Potential limiting conditions to consider before starting entacapone include:
Mechanism of action
Entacapone is a selective and reversible inhibitor of catechol-O-methyltransferase (COMT). COMT eliminates biologically active catechols present in catecholamines (dopamine, norepinephrine, and epinephrine) and their hydroxylated metabolites. When administered with a decarboxylase inhibitor, COMT acts as the major metabolizing enzyme for levodopa and metabolizes it to 3-methoxy-4-hydroxy-L-phenylalanine (3-OMD) in the brain and in the periphery.

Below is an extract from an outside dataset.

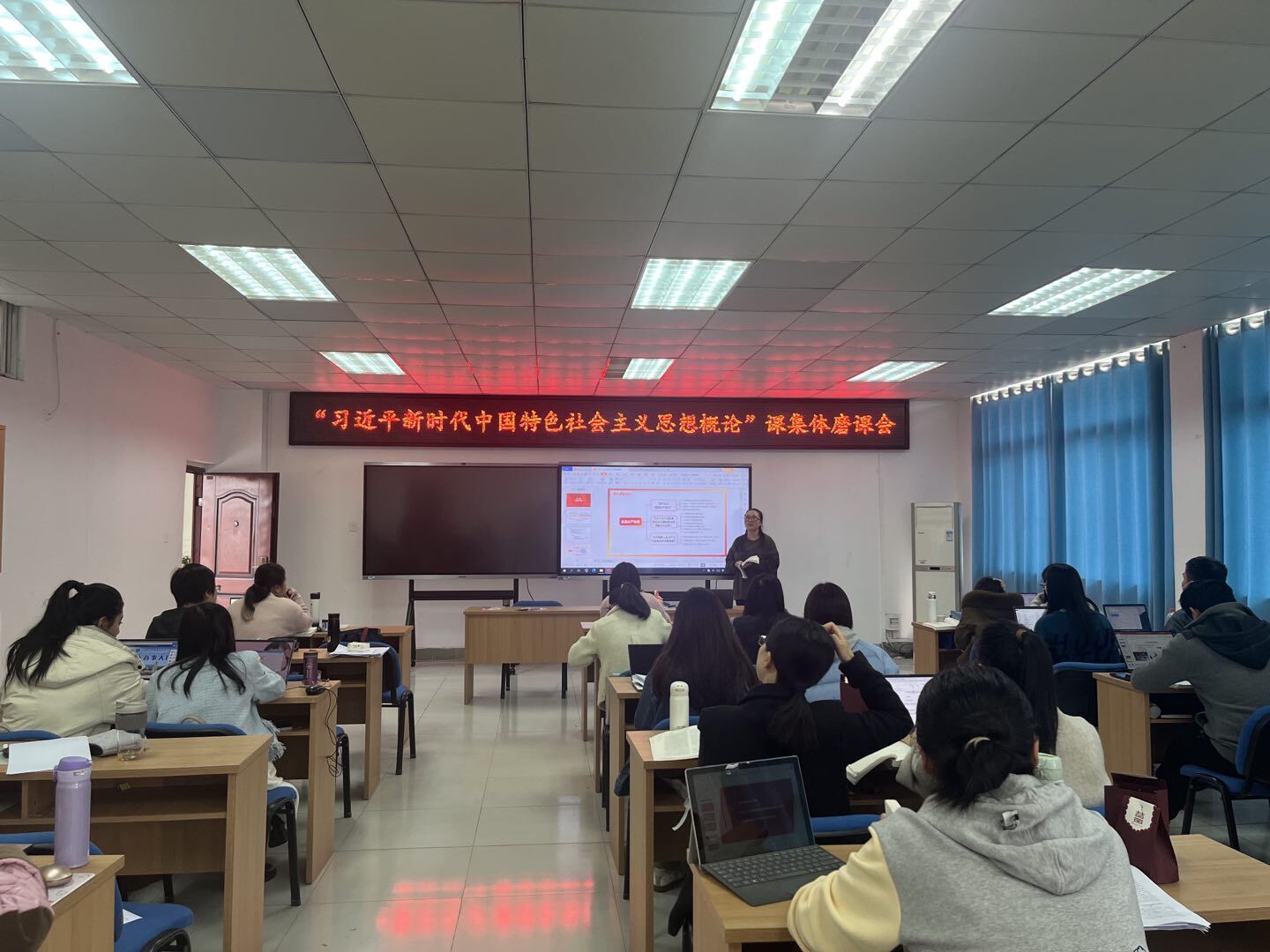 全体思政课教师纷纷表示,此次集体磨课会是一次学习、研讨、交流,也是为下学期开好讲好“习近平新时代中国特色社会主义思想概论”课的备战演练。我们要以此次集体磨课会为契机,努力学深学透习近平新时代中国特色社会主义思想,学好用好《习近平新时代中国特色社会主义思想概论》教材,不断提高理论与实践相结合的能力,不断提升理论研究水平、教育教学能力,更好用习近平新时代中国特色社会主义思想培根铸魂。

For the treatment of Parkinson’s disease, entacapone is given as an adjunct to levodopa and an aromatic amino acid decarboxylase inhibitor, carbidopa. Entacapone inhibits COMT and the metabolism of levodopa, thus increasing plasma levels of levodopa and causing more constant dopaminergic stimulation in order to reduce the signs and symptoms presented in the disease.
Absorption
The Tmax is approximately 1 hour. Absolute oral bioavailability (F) is 35%.
Distribution
The volume of distribution (Vd) after intravenous injection approximately 20 liters. Entacapone has high binding activity to serum albumin that limits its distribution into tissues.
Metabolism and elimination
Entacapone has a half-life of approximately 0.3–0.7 hours. It is primarily metabolized by the liver with 0.2% of the medication unchanged in urine.